Source records:

* * * * * * *

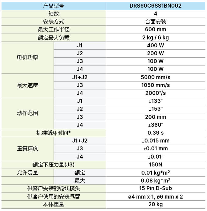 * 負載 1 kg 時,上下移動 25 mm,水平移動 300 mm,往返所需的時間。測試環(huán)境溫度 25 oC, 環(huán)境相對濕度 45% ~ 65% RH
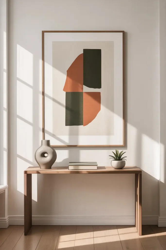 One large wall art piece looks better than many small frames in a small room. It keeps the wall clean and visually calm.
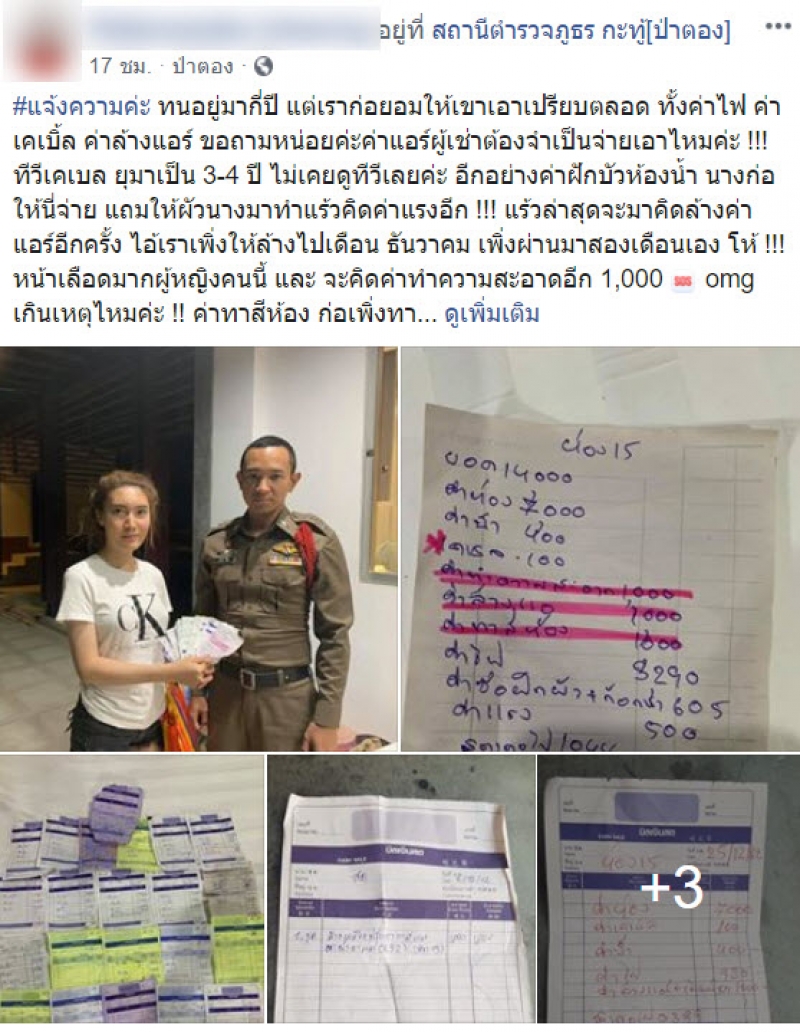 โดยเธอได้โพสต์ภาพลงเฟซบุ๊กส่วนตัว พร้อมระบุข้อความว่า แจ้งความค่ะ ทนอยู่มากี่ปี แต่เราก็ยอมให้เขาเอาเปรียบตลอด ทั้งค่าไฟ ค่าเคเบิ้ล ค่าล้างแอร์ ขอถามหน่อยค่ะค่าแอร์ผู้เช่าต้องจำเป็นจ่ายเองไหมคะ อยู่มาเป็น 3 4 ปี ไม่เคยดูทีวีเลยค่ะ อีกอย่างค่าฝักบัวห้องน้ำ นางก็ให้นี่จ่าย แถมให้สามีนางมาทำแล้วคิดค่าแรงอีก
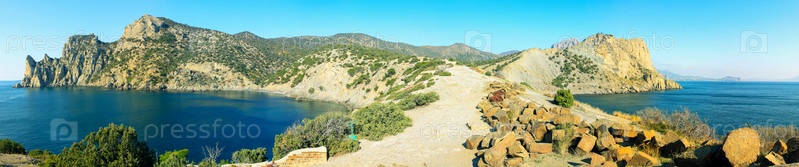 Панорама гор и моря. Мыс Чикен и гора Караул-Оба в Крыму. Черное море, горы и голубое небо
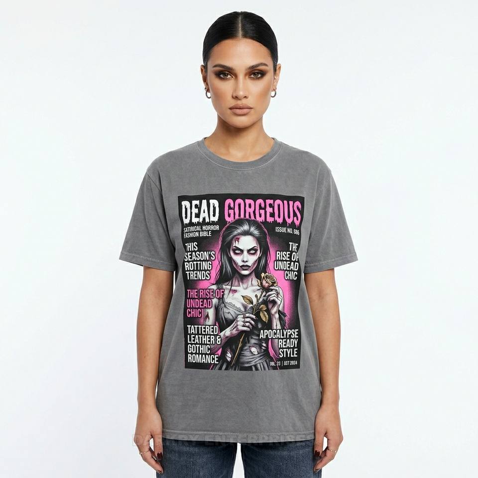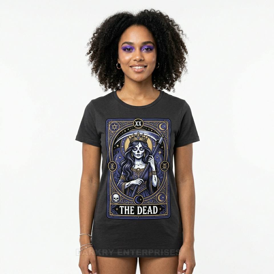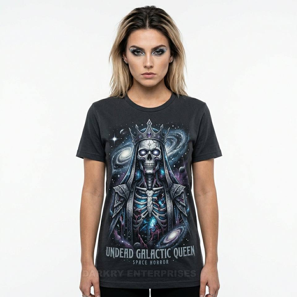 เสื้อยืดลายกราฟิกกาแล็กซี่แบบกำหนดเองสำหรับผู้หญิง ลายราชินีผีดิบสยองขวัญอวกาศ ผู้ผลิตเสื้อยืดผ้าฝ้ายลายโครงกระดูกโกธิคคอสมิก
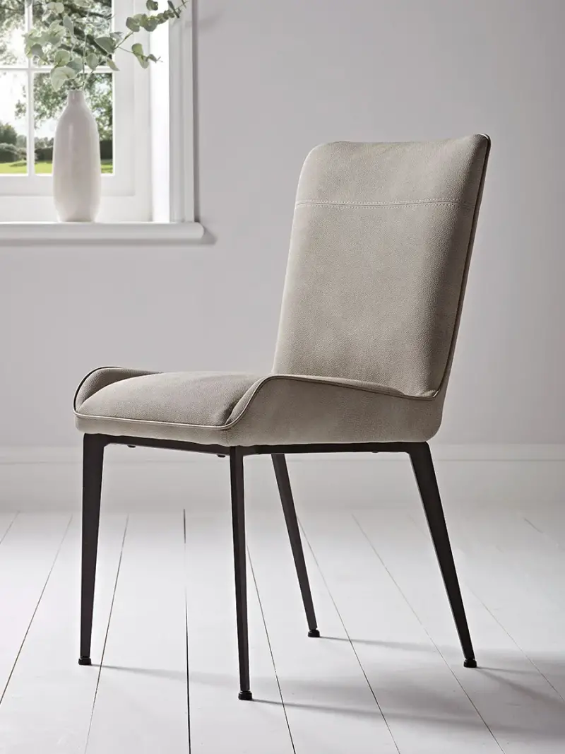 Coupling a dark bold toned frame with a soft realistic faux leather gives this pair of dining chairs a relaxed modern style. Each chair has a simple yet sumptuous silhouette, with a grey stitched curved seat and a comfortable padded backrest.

* * * * * * *

PROMPT -
What you should return is the exact text of every line from the top of the entries through the line with "Панорама гор и", pictures removed.

RESPONSE TO THE EXERCISE -
 * 負載 1 kg 時,上下移動 25 mm,水平移動 300 mm,往返所需的時間。測試環(huán)境溫度 25 oC, 環(huán)境相對濕度 45% ~ 65% RH
 One large wall art piece looks better than many small frames in a small room. It keeps the wall clean and visually calm.
 โดยเธอได้โพสต์ภาพลงเฟซบุ๊กส่วนตัว พร้อมระบุข้อความว่า แจ้งความค่ะ ทนอยู่มากี่ปี แต่เราก็ยอมให้เขาเอาเปรียบตลอด ทั้งค่าไฟ ค่าเคเบิ้ล ค่าล้างแอร์ ขอถามหน่อยค่ะค่าแอร์ผู้เช่าต้องจำเป็นจ่ายเองไหมคะ อยู่มาเป็น 3 4 ปี ไม่เคยดูทีวีเลยค่ะ อีกอย่างค่าฝักบัวห้องน้ำ นางก็ให้นี่จ่าย แถมให้สามีนางมาทำแล้วคิดค่าแรงอีก
 Панорама гор и моря. Мыс Чикен и гора Караул-Оба в Крыму. Черное море, горы и голубое небо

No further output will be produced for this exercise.